Gary Victor spricht auch über die Probleme seines Landes, über die Perspektivlosigkeit und Arbeitslosigkeit unter den Jugendlichen, die schlechte Regierungsführung, grassierende Kriminalität, Korruption und Abhängigkeit vom Ausland, alles Themen, die er in seinem Roman aufgreift. Dann auch über die Abholzung, das prekäre Gesundheitssystem und die horrenden Naturkatastrophen. Dennoch: Er ist kein Pessimist, die Lage sei vor zehn Jahren viel prekärer und instabiler gewesen als heute.

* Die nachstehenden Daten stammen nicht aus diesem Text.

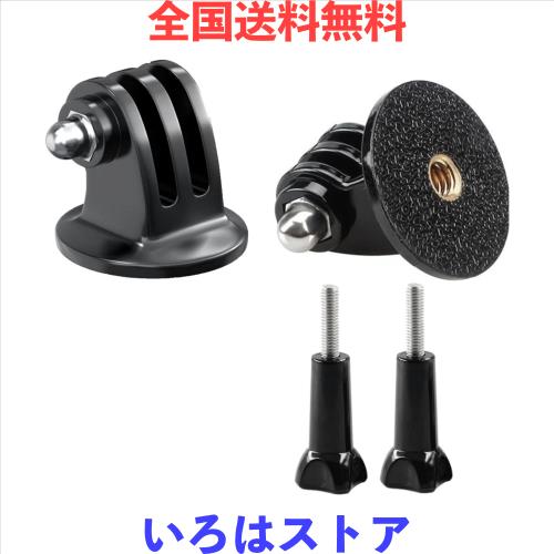 ゴープロ用 互換タイプのマウント採用 ウェアラブルカメラに から1/4”へ変換できる アダプター(1/4インチ → GoPro対応マウント)と、 固定用ネジ (各2組) の セット商品です。 上部GoPro対応のマウントでアクションカメラを固定、1/4インチのカメラネジ仕様の三脚、一脚、自撮り棒、自由雲台等に取付けて固定して使用出来るようになります。 【パッケージ内容】 ・Gopro用マウント → 1/4インチ 変換 アダプター x2 ・専用ネジx2 ・ネジ用キャップx2 ※本品は本来の目的と異なる他の用途では使用ならないでください。 ※本品および、機械本体の変形や劣化の原因となりますので、高温、直射日光を避けてご使用、保管してください。 ※本品に割れ等の破損、劣化などが見られる場合はただちに使用を中止してください。落下、破損などの故障に繋がる場合がございます。 ※使用の際はネジが締められてマウント部分がしっかりと固定されている事を確認してから撮影を開始してください。 ※本商品をご使用で生じた事故や故障・破損等の直接的損害あるいは それに伴う間接的損害について、いかなる場合も弊社では一切の責任を負いかねます。予めご了承ください。 ※アダプターはABS樹脂製で耐熱性はありません ※不使用時は幼児や子供の手の届かない場所で保管して下さい。 *ご使用端末のモニター環境や閲覧環境によっては商品紹介画像の写真と実物の色が若干異なって見える場合が御座います。予めご了承下さい。

Zurzeit sei offen, ob das Mandat der UN-Mission in Haiti, das Mitte April auslaufe, verlängert werde, Trump habe mit der Kürzung von Geldern gedroht. Aber die HaitianerInnen würden der MINUSTAH nicht nachtrauern, sollte sie abziehen, sie habe viele KritikerInnen. Insbesondere der brasilianischen Führung werfe man vor, dass sie die haitianische Polizei behindere und gegenüber den Drogenbanden nicht durchgreife. Außerdem kreidet man der UN-Mission immer noch an, dass sie die Cholera ins Land eingeschleppt habe. So fordern auch mehrere Nichtregierungsorganisationen, das UN-Mandat nicht zu verlängern. Die HaitianerInnen sehen, wie MINUSTAH Unsummen verschlingt, die Funktionäre verdienten drei bis vier Mal so viel wie in ihren Herkunftsländern, unterschlügen Hilfsgelder und zahlten 1000 US-Dollar am Tag für Mietwagen. All das sei bekannt, werde thematisiert und kritisiert, denn die Pressefreiheit funktioniere im Land. Gary Victor ist auch Chefredakteur einer Zeitung, er redigiert Nachrichten, schreibt Leitartikel, hält sich an die journalistischen Regeln. Umso mehr liebt er den Kriminalroman. Hier kann er radikaler und wagemutiger formulieren und kritisieren, dabei mächtig auf die Pauke hauen und über die ihn schmerzende haitianische Wirklichkeit phantasieren. Andernfalls, so Victor, lande er im Irrenhaus.
Oder im Suff. In „Suff und Sühne“ bleibt sein Held am Ende allein zurück. Es gelingt ihm endlich, seine Tochter außer Landes zu bringen, er aber kommt weder vom Schnaps los, noch kann er seine Verfolger abschütteln. Für ihn scheint die Lage aussichtslos. Wir dürfen gespannt sein, wie es mit Dieuswalwe Azémar weitergeht.